#### [PROBLEM TO WORK ON]
Only the lines from the beginning of the data through the one with "色留袖は既婚・未婚どちらの方" belong in the answer, each retyped exactly, with pictures left out.

Source records:
---------------
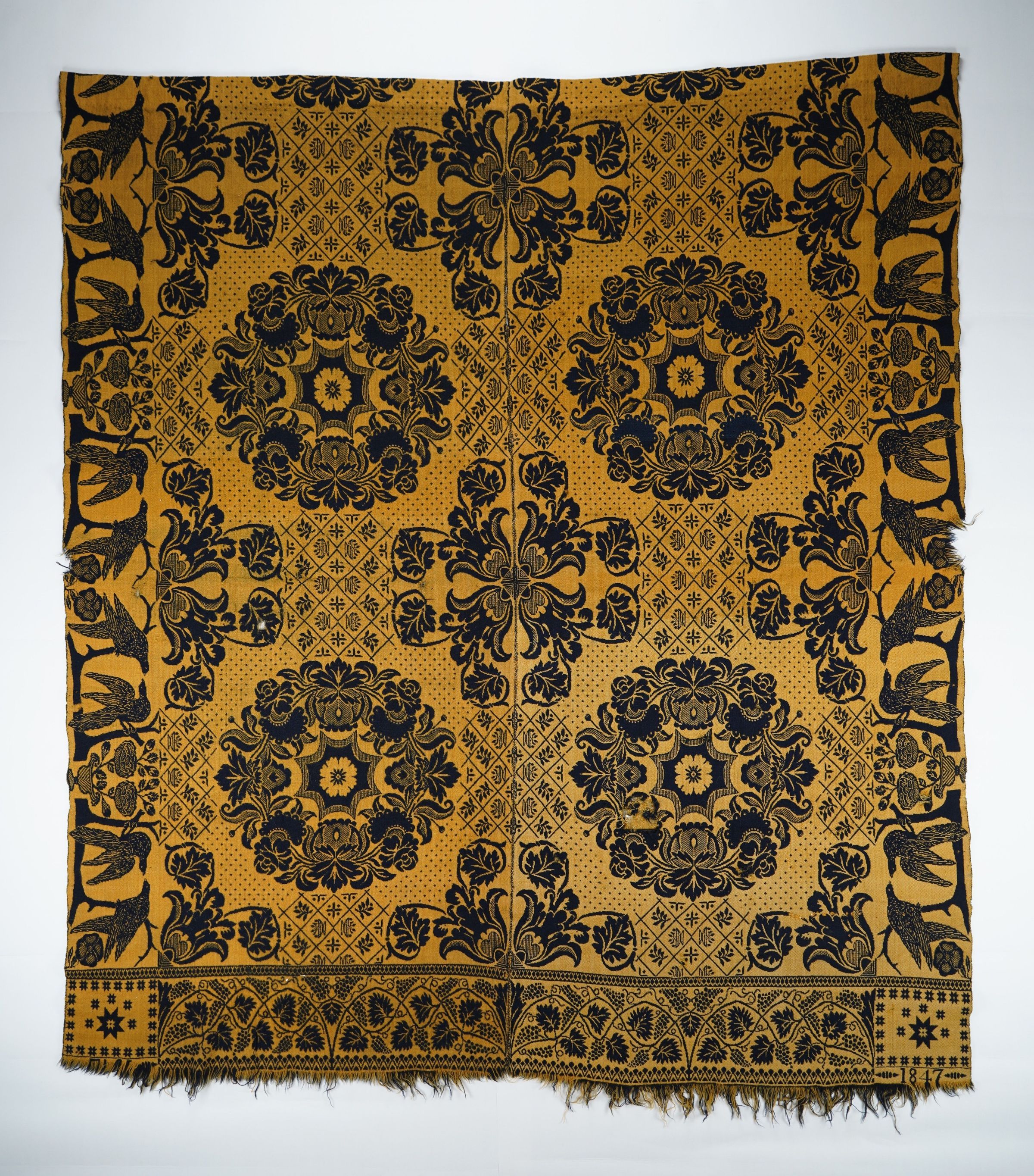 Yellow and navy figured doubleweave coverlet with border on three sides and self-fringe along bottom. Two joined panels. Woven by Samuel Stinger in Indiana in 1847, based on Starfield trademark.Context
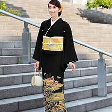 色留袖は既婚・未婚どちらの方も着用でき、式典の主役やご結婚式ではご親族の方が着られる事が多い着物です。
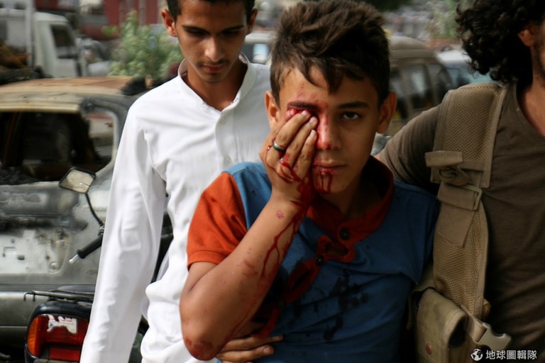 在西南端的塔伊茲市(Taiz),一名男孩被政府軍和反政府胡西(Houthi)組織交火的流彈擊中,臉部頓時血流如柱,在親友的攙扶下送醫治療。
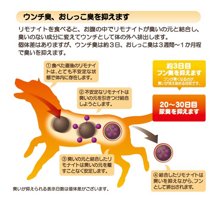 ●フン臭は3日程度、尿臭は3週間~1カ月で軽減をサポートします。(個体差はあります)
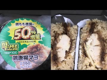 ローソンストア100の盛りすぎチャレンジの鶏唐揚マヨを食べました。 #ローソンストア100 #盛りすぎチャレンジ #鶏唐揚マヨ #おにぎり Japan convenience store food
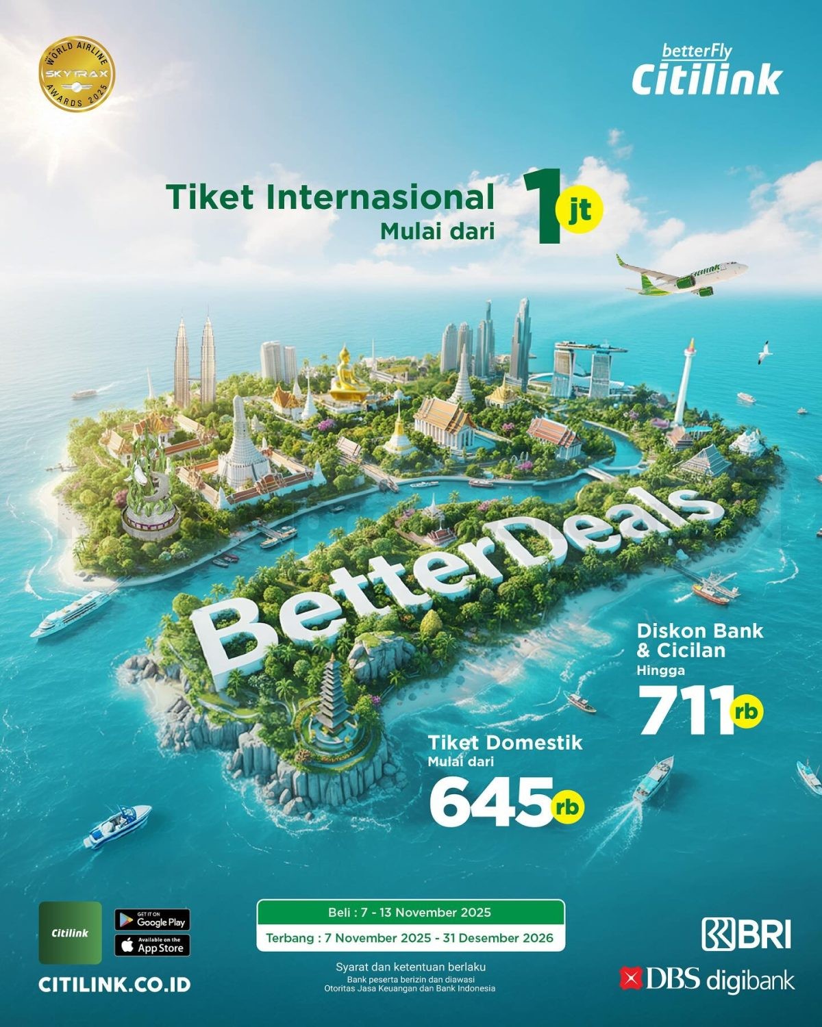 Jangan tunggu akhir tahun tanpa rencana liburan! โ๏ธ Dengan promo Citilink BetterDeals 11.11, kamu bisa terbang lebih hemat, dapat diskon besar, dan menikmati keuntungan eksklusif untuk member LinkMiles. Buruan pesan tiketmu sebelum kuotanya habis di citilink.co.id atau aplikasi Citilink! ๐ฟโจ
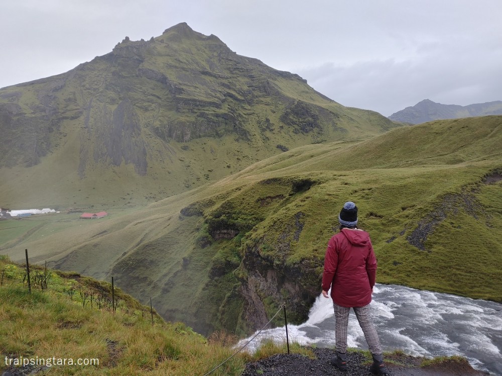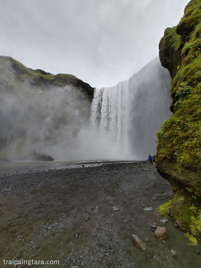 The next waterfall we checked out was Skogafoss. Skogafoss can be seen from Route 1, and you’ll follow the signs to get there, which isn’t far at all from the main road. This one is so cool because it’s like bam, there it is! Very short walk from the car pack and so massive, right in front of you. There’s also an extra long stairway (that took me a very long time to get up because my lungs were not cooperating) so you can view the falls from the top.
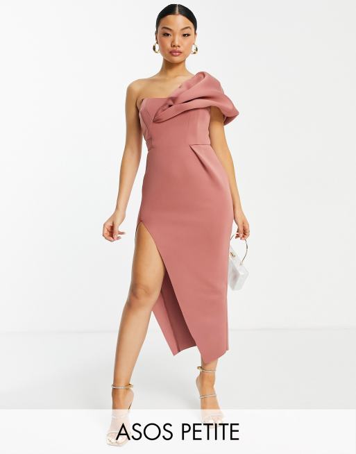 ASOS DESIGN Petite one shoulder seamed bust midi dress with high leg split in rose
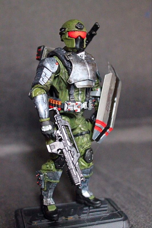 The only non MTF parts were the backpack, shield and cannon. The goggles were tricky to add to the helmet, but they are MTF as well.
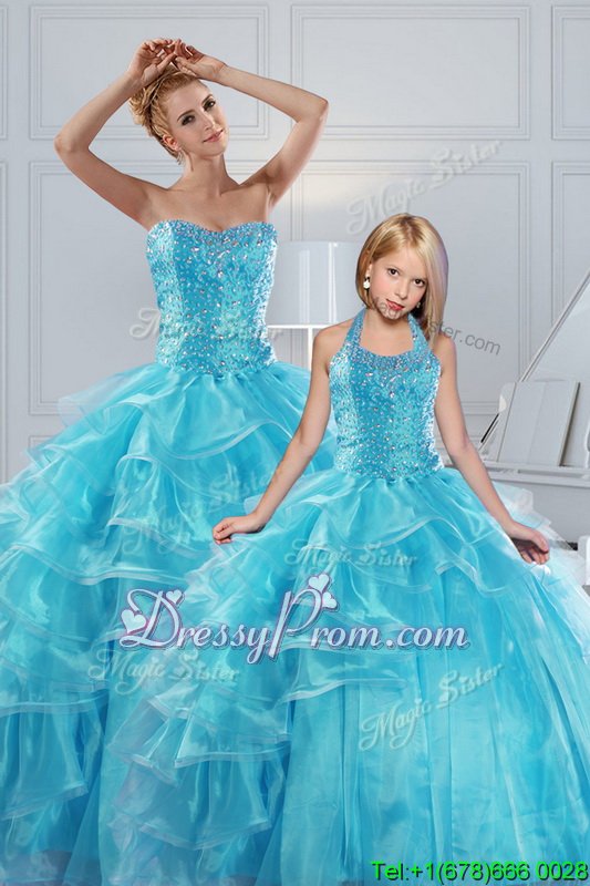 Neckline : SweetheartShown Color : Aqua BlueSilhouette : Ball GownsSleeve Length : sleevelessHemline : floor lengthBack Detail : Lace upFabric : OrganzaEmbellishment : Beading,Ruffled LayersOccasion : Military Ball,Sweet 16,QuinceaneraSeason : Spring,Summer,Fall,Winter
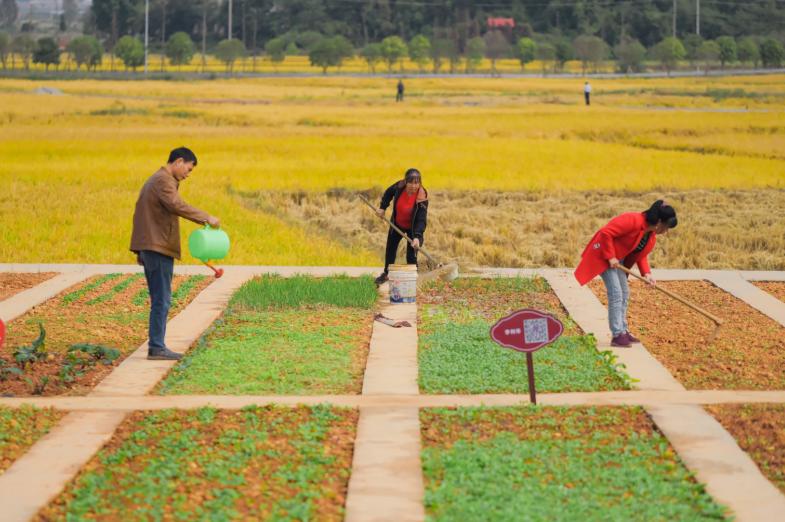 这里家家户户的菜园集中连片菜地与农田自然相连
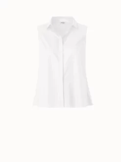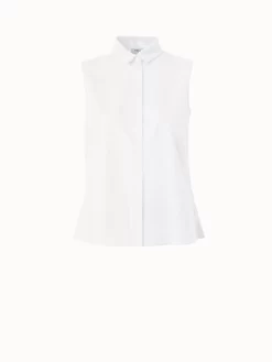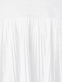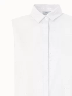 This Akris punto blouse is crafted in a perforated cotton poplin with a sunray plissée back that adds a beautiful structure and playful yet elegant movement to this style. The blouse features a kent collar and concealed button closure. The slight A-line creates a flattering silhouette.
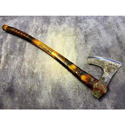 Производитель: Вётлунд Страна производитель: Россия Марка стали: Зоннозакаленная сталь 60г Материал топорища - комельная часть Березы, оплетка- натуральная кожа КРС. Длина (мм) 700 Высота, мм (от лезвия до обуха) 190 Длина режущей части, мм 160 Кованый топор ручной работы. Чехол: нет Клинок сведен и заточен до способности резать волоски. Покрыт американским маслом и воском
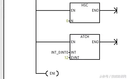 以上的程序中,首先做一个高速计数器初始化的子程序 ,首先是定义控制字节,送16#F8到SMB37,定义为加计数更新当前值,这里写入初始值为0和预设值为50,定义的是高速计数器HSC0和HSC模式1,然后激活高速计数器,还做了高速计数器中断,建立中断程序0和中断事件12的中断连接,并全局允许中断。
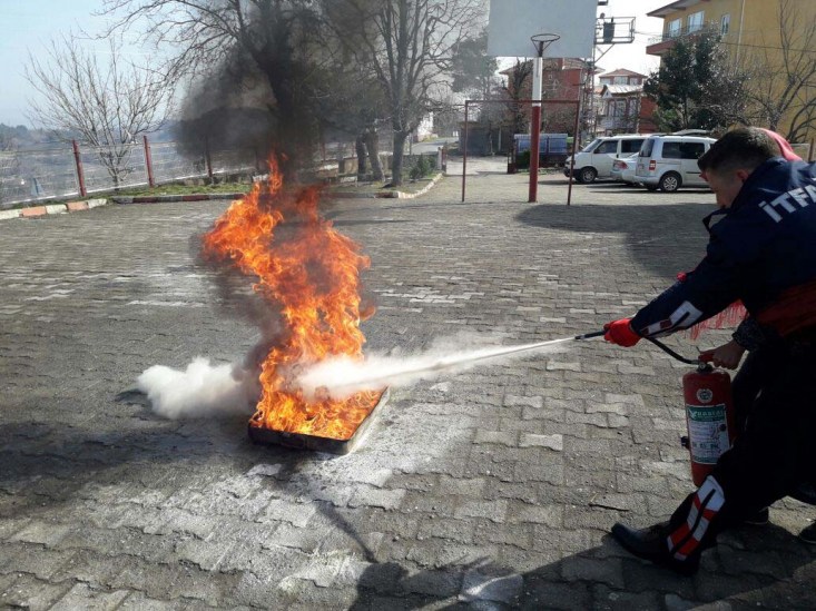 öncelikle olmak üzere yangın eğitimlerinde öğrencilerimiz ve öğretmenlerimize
---------------
#### [TASK RESULT]
 Yellow and navy figured doubleweave coverlet with border on three sides and self-fringe along bottom. Two joined panels. Woven by Samuel Stinger in Indiana in 1847, based on Starfield trademark.Context
 色留袖は既婚・未婚どちらの方も着用でき、式典の主役やご結婚式ではご親族の方が着られる事が多い着物です。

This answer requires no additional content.